An iconic figure of the 1960s and ’70s, Pattie Boyd breaks a forty-year silence in Wonderful Tonight , and tells the story of how she found herself bound to two of the most addictive, promiscuous musical geniuses of the twentieth century and became the most famous muse in the history of rock and roll.
She met the Beatles in 1964 when she was cast as a schoolgirl in A Hard Day’s Night . Ten days later a smitten George Harrison proposed. For twenty-year-old Pattie Boyd, it was the beginning of an unimaginably rich and complex life as she was welcomed into the Beatles inner circle—a circle that included Mick Jagger, Ron Wood, Jeff Beck, and a veritable who’s who of rock musicians. She describes the dynamics of the group, the friendships, the tensions, the musicmaking, and the weird and wonderful memories she has of Paul and Linda, Cynthia and John, Ringo and Maureen, and especially the years with her husband, George.
It was a sweet, turbulent life, but one that would take an unexpected turn, starting with a simple note that began “dearest l.”

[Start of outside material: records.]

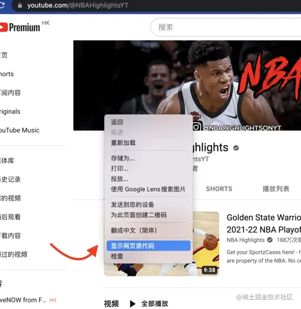 假设需要找到NBA Highlights频道的频道ID,我们先进入该频道主页,在右键菜单里点击进入“显示网页源代码”: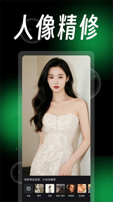 婚纱、写真、全家福、新中式、胶片、结婚照、闺蜜写真、质感肌、水光肌、祛瑕疵、原肤、磨皮等30多种潮流预设风格,打造专业级影像效果,高级大片一键呈现。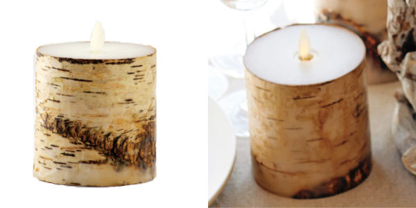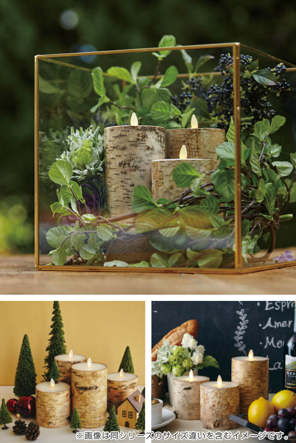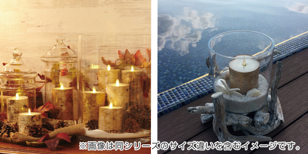| 安心・安全 見た目は本物のキャンドルのようですがLEDで再現した炎のため、触ったり倒したりしても大丈夫です。安心・安全にお使いいただけます。 | 白樺の木が雰囲気づくりに 天然の白樺の皮を周りに巻いているので、ナチュラルで上質な雰囲気が空間を引き立てます。 |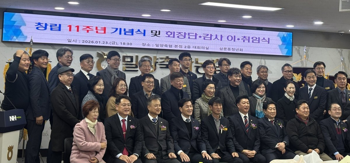 [아시아월드뉴스] 밀양시 삼문동 청년회는 지난 23일 밀양축협 대회의실에서 창립 11주년 기념식 및 회장단 이·취임식을 개최했다.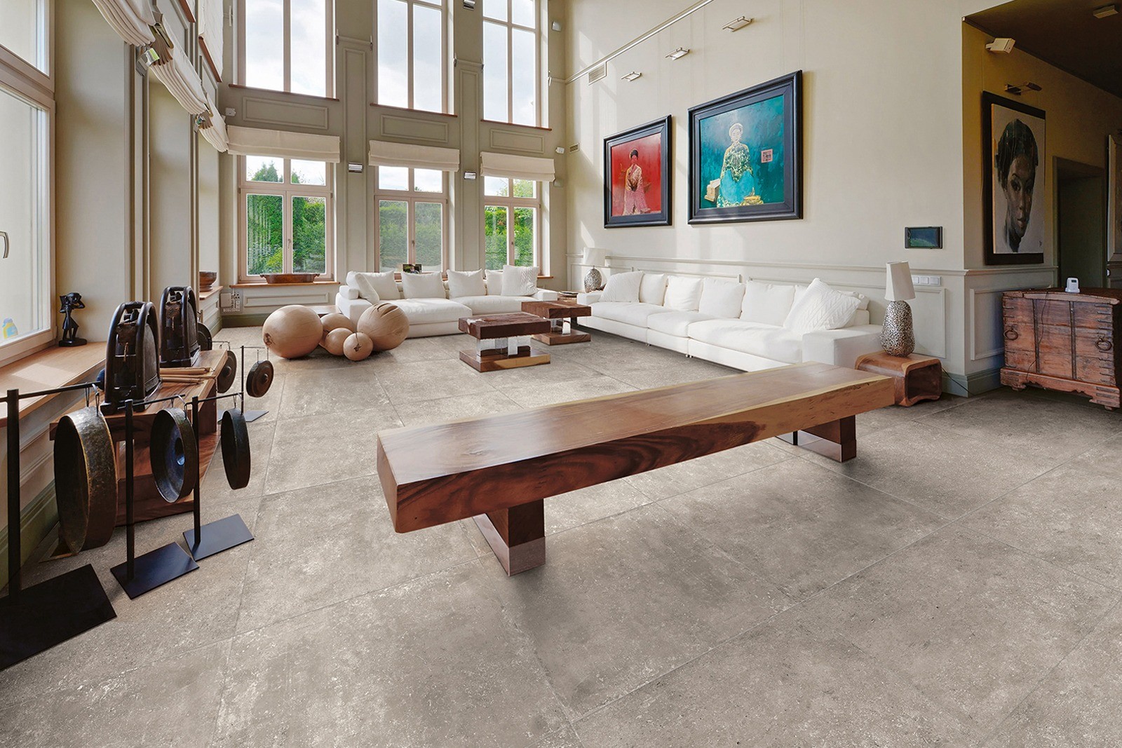 Umbria Antica Grigio di Tagina è un pavimento in gres porcellanato effetto pietra che richiama le atmosfere autentiche e materiche delle pavimentazioni storiche umbre, reinterpretate in una tonalità grigio medio naturale.

I read it quickly and assumed that it was from some weirdo; I did get fan mail from time to time.... I thought no more about it until that evening when the phone rang. It was Eric [Clapton]. “Did you get my letter?”... And then the penny dropped. “Was that from you?” I said....It was the most passionate letter anyone had ever written me.
For the first time Pattie Boyd, former wife of both George Harrison and Eric Clapton, a high-profile model whose face epitomized the swinging London scene of the 1960s, a woman who inspired Harrison’s song “Something” and Clapton’s anthem “Layla,” has decided to write a book that is rich and raw, funny and heartbreaking—and totally honest and open and breathtaking. Here is the truth, here is what happened, here is the story you’ve been waiting for.

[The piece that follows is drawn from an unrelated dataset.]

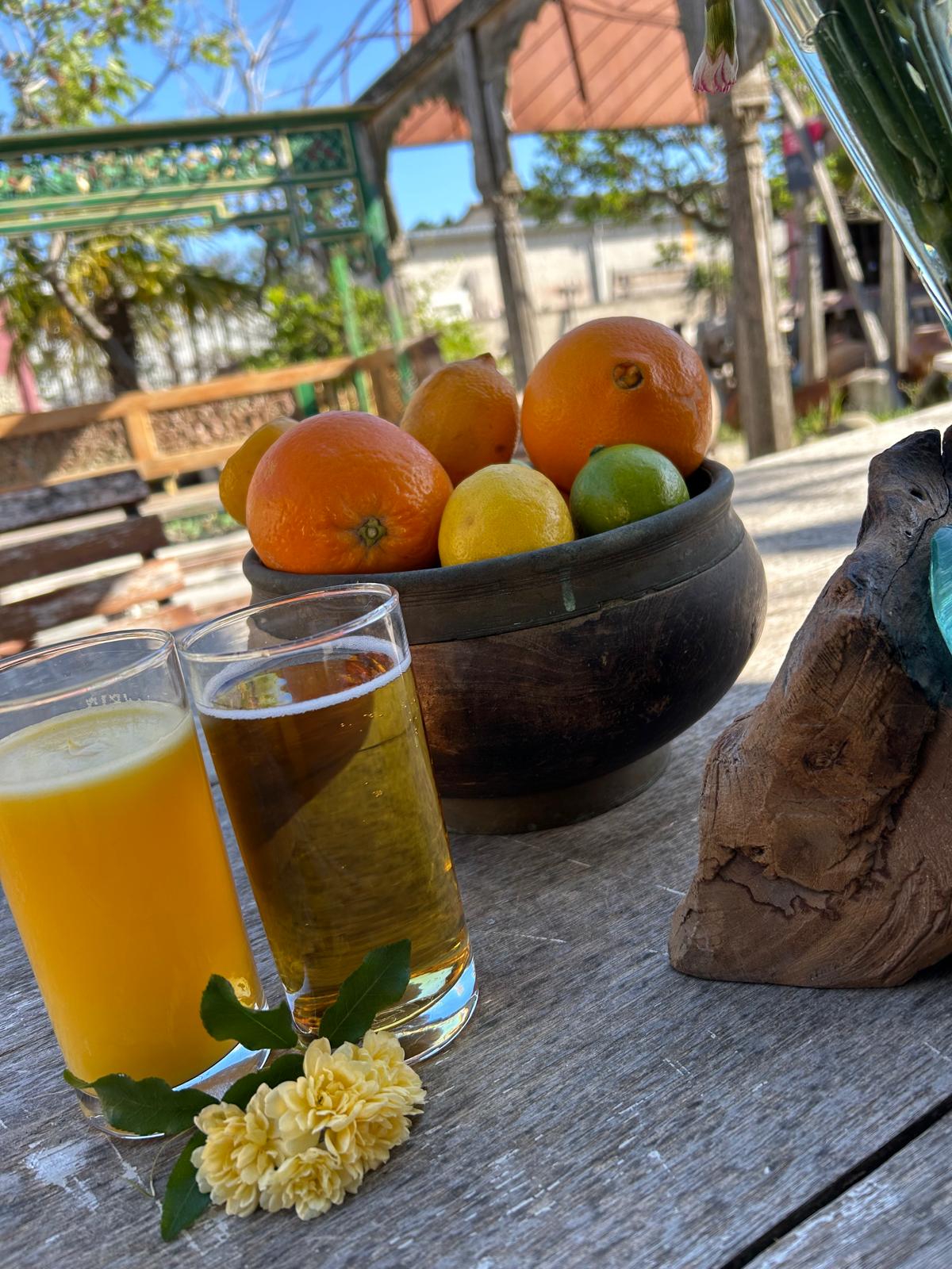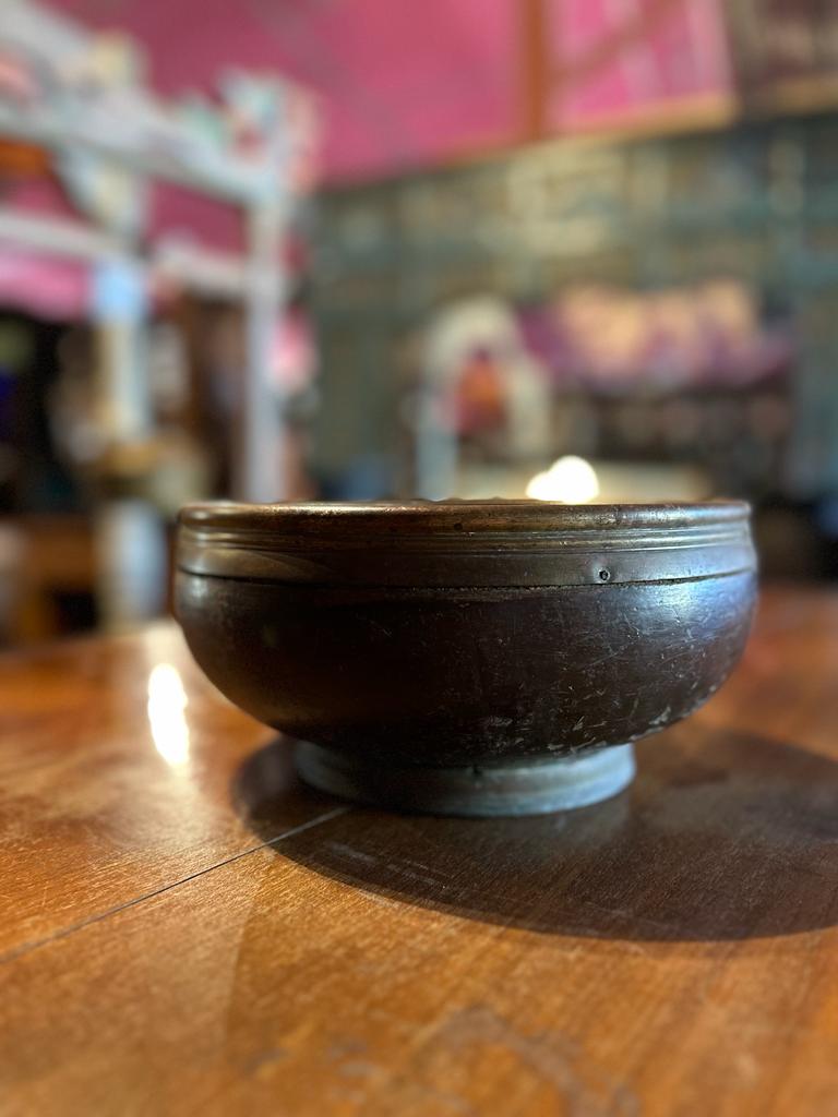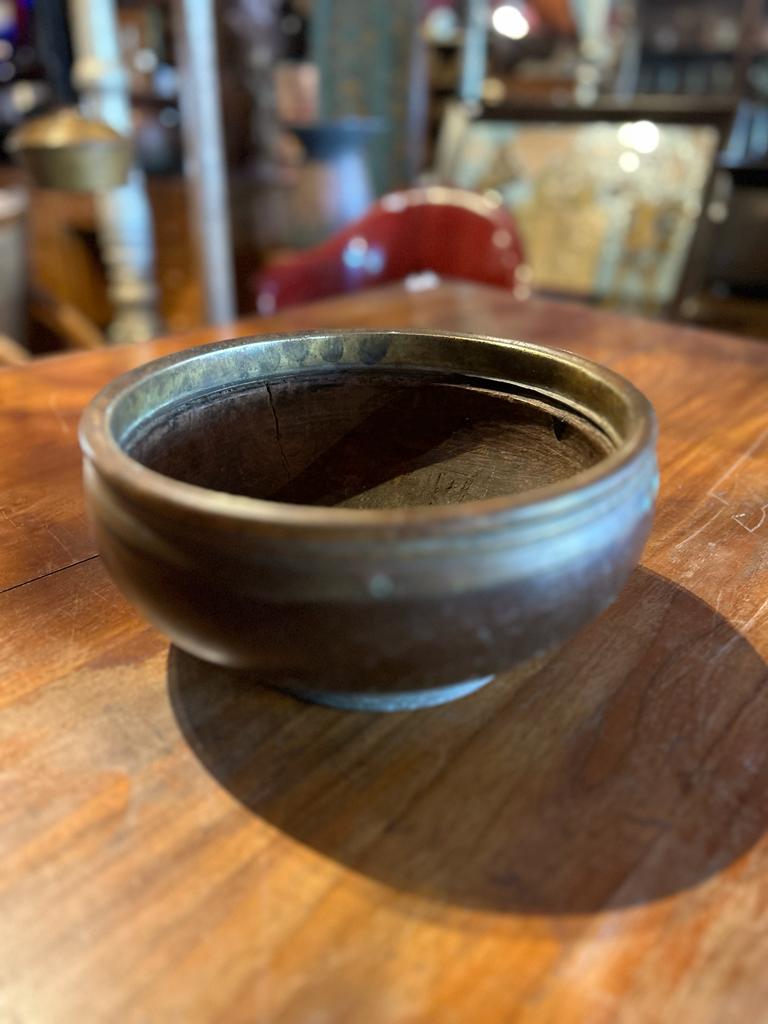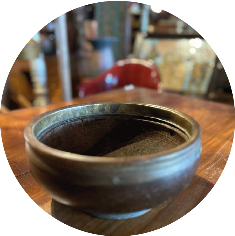 Plat en teck javanais cerclé en cuivre

Wonderful Tonight, Pattie Boyd
If you had asked me what I was expecting before I picked up this auto-biography, I doubt I could have told you. Maybe a bit about what it was like, really like, to be within the inner circle of the Beatles. A feeling for the how it was in the beautiful, swinging, mad, crazy 60s "it" crowds. Perhaps some sex, drugs and rock and roll, maybe even a little gossip. Written by the muse of two of the most famous musicians around I was hoping to see what it was about this woman that influenced / engendered that reaction in men who - well let's be frank - could probably have had any woman they wanted.
Pattie Boyd spent part of her childhood in Kenya, but even for the child of divorced parents, the raising of Pattie and her siblings seems to have been a slightly erratic undertaking, although she does seem to be close to her mother in later life. She left home, fell into modelling, met George Harrison during the filming of "A Hard Day's Night" and life from there took off as she and George found an instant attraction. Later, as married life with George turned sour, Eric Clapton told George one night "I have to tell you, man, that I’m in love with your wife". Later, married to Clapton, things again turned sour as he struggled with a drinking problem and became more and more distant.

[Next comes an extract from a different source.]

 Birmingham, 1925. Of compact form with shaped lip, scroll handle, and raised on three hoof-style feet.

At points in this book you can see glimpses of what it must have been like to live a life so publicly scrutinised and followed. You can get some sense of the way it must have been to go from a life of nothing to the privilege of money. You can see some of the dissatisfaction that can arise from fame, notoriety, pressure and the sheer excess of money. But to me, a lot of this seemed to be just that - glimpses. As a result of that, I was a little disappointed. This is a woman who was as close to that particular, exciting, period of music and social history and change as anybody could have been (without being one of the musicians herself), yet the story that she wrote seemed a little flat, disconnected and jumbled. Maybe Penny Junor, dual writing credit on the book, should have had a firmer hand in directing the narrative, but Boyd's own voice is a little muddy, toneless, perhaps extremely cautious? There is a lot of name dropping however, and I'd imagine that anybody who is a passionate fan of the Beatles will appreciate whatever glimpses they can get into the inner-world of the band. At the end of the book could I see why Pattie Boyd became that famous muse? I'm not sure.